On treatment with the medicament, one-half of the pulp chamber is filled with a thick mix of zinc oxide eugenol cement. The other half is filled with restorative glass ionomer cement.
The tooth surface preparation is done for a stainless steel crown and an appropriate crown is cemented for rehabilitation.
A stainless steel crown is indicated as a pulpotomy dental structure that has lesser tensile and shear strength.
It is preferred in multi-surface carious lesions as it eliminates coronal microleakage.
The next best mode of restoration is post-endodontic amalgam restoration. However, it is preferred when the life of the primary tooth is less than 2 years.
Regenerative Approach Outcome
A pulpotomies tooth has to be reviewed clinically every 6 months and radiographically every year for the first 3 years.
The absence of signs and symptoms, normal tooth resorption and absence of inter-radicular rarefaction are desired outcomes that describe the success of the therapy.
Signs and symptoms of irreversible pulpitis, dentoalveolar abscess, with or without draining sinus.

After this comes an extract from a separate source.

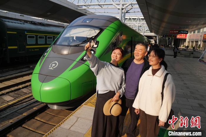 3月28日,中老铁路第5000万名旅客孙怡薇一家在列车前合影。中新社记者 刘冉阳 摄

Inter-radicular bone loss, internal resorption, diffuse calcifications in the pulp chamber, and unequal root resorption are indications of failure of therapy.
Case Description
Case 1
Chief complaint: A 6-year-old male child complains of discomfort in his right upper back tooth while drinking hot soup or eating ice cream.
Clinical scenario: A 6-year-old child complains of transient discomfort from hot soups and ice creams on his right maxillary second molar. No history of spontaneous pain.
[Baseline data – Pulp of the tooth need not necessarily be exposed to exhibit pain or undergo the pathologic sequelae. Dentin is an innervated tissue, an exposure of which can elicit pain.]
Case 2
Chief complaint: Accidental exposure of the mesiobuccal horn of pulp on 65 while performing indirect pulp capping.
Clinical scenario: A 6-year-old child was indicated for an indirect pulp capping on tooth 65. During the operative procedure, under rubber dam isolation, accidental exposure of the mesiobuccal horn of the pulp occurred.
Summary
1. Conservative endodontic procedures are indirect pulp capping, direct pulp capping, and pulpotomy.
2. Pulp capping
3. Pulpotomy is the complete removal of the coronal portion of the dental pulp followed by the placement of a suitable dressing/medicament that will promote the healing of the pulp and preserve the vitality/integrity of the tooth.